» **Task item**:
With pictures left out, retype the lines from the start of the records through the one that contains "Meross Matter Akıllı".

Excerpts from a dataset:
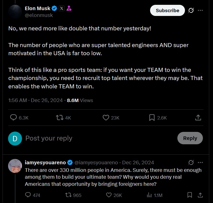 比如馬斯克在X上鼓吹外國人才不是太多而是太少,招募外國人才就跟球隊一樣,不問來源儘可能招募優秀人才才能贏,下面幾乎全是嘲諷他的評論:
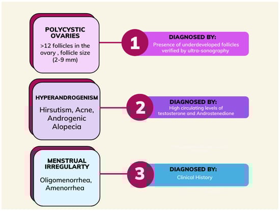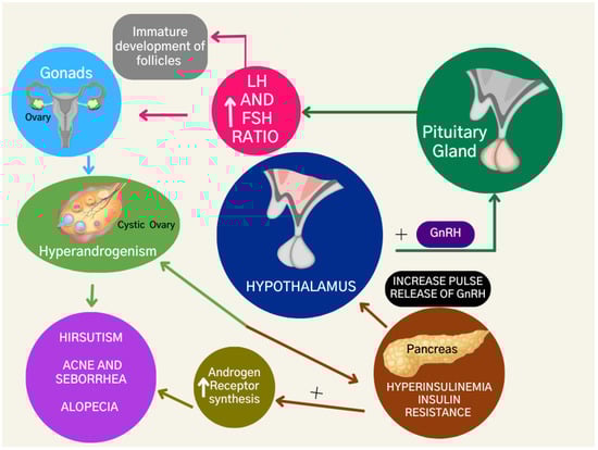 In accordance with the Rotterdam criteria, polycystic ovary syndrome is defined based on the presence of two of the three criteria after other pathologies, such as congenital adrenal hyperplasia, thyroid abnormalities, and hyperprolactinemia, have been excluded. The Rotterdam criteria include irregular menses, hyperandrogenism, and ovarian volume greater than or equal to 10 mL with or without 12 or more peripheral antral follicles ranging from 2–9 mm in one or both ovaries [8]. In women with PCOS, symptoms do not appear until puberty (Figure 1) [9].
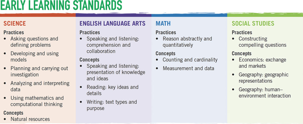 The activities connect with early learning standards in science, English language arts, math, and social studies—as well as programs like the National Association for the Education of Young Children (NAEYC), Head Start, and established nature-based preschool practices—so children learn concepts they need to succeed in school.
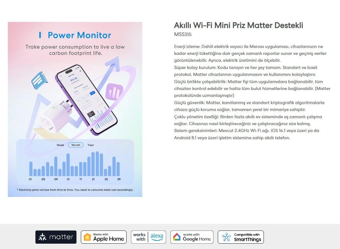 Meross Matter Akıllı Wi-Fi Mini Priz 3'lü Paket (Apple HomeKit, Alexa ve Google Home Destekli)
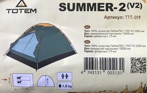 Легкая бюджетная двухместная однослойная туристическая палатка Totem Summer 2 (V2) арт.TTT-019. Подходит для простых и непродолжительных походов выходного дня и отдыха на природе в теплое время года.
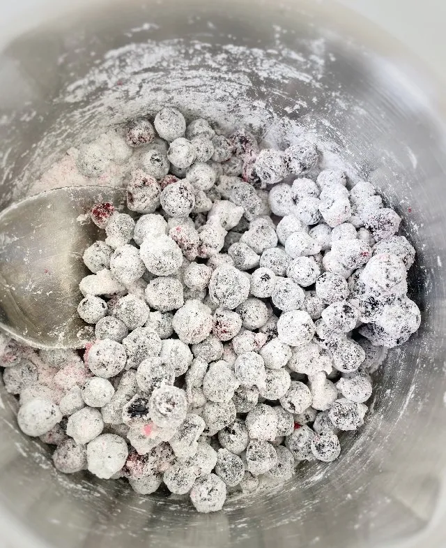 - Поки коржі випікаються, приготуємо чорничну начинку. Змішайте цукор з крохмалем, обваляйте в цій суміші чорниці.
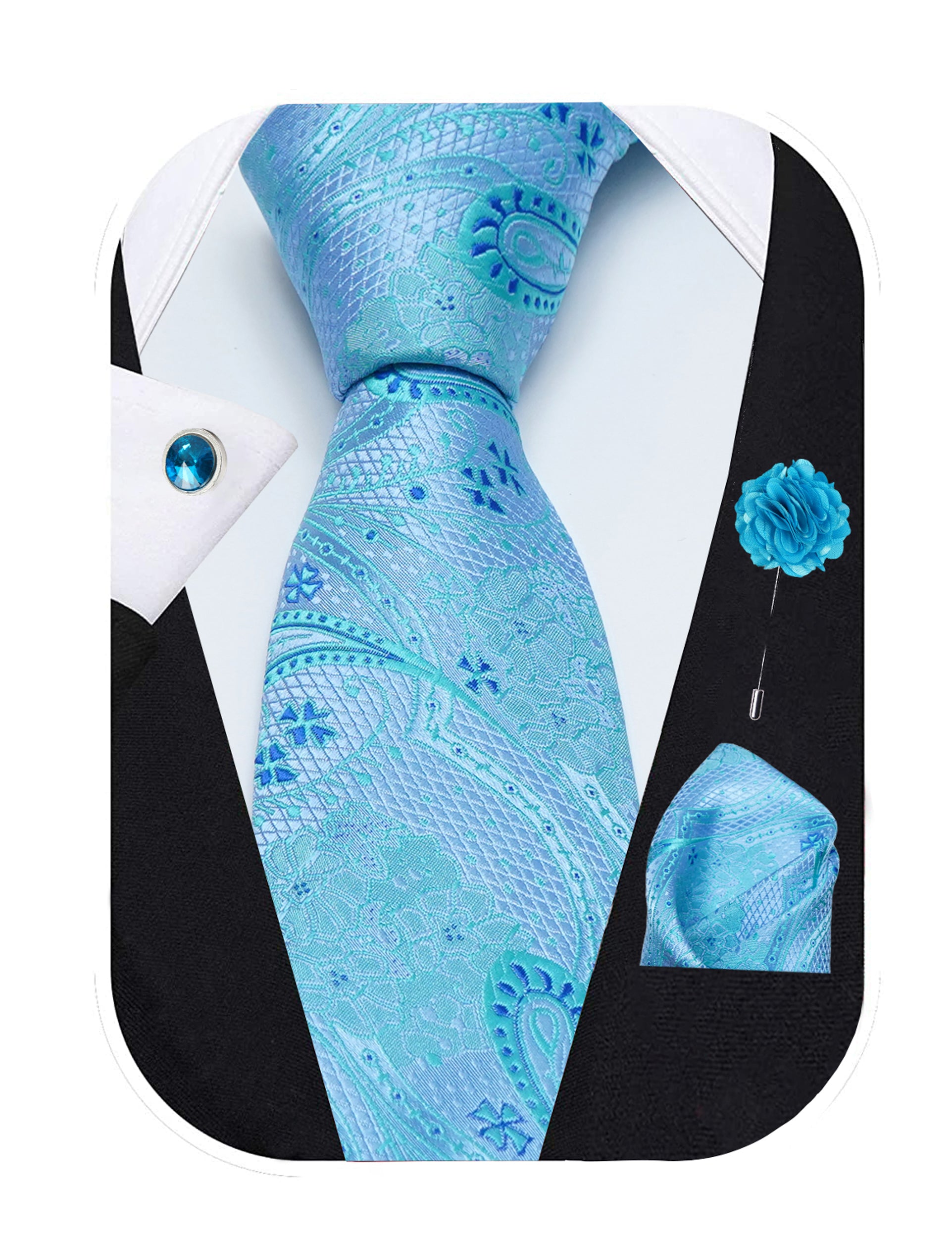 Make a lasting impression with Axlon's premium tie set for men in Skyline Blue with a paisley finish - a complete necktie gift box designed for elegance and occasion. Each set includes a coordinated necktie, pocket square, stone cufflinks, silver metal tie clip, and a floral lapel pin, carefully arranged in a stylish beige wooden gift box.

» **Result of the exercise**:
 比如馬斯克在X上鼓吹外國人才不是太多而是太少,招募外國人才就跟球隊一樣,不問來源儘可能招募優秀人才才能贏,下面幾乎全是嘲諷他的評論:
 In accordance with the Rotterdam criteria, polycystic ovary syndrome is defined based on the presence of two of the three criteria after other pathologies, such as congenital adrenal hyperplasia, thyroid abnormalities, and hyperprolactinemia, have been excluded. The Rotterdam criteria include irregular menses, hyperandrogenism, and ovarian volume greater than or equal to 10 mL with or without 12 or more peripheral antral follicles ranging from 2–9 mm in one or both ovaries [8]. In women with PCOS, symptoms do not appear until puberty (Figure 1) [9].
 The activities connect with early learning standards in science, English language arts, math, and social studies—as well as programs like the National Association for the Education of Young Children (NAEYC), Head Start, and established nature-based preschool practices—so children learn concepts they need to succeed in school.
 Meross Matter Akıllı Wi-Fi Mini Priz 3'lü Paket (Apple HomeKit, Alexa ve Google Home Destekli)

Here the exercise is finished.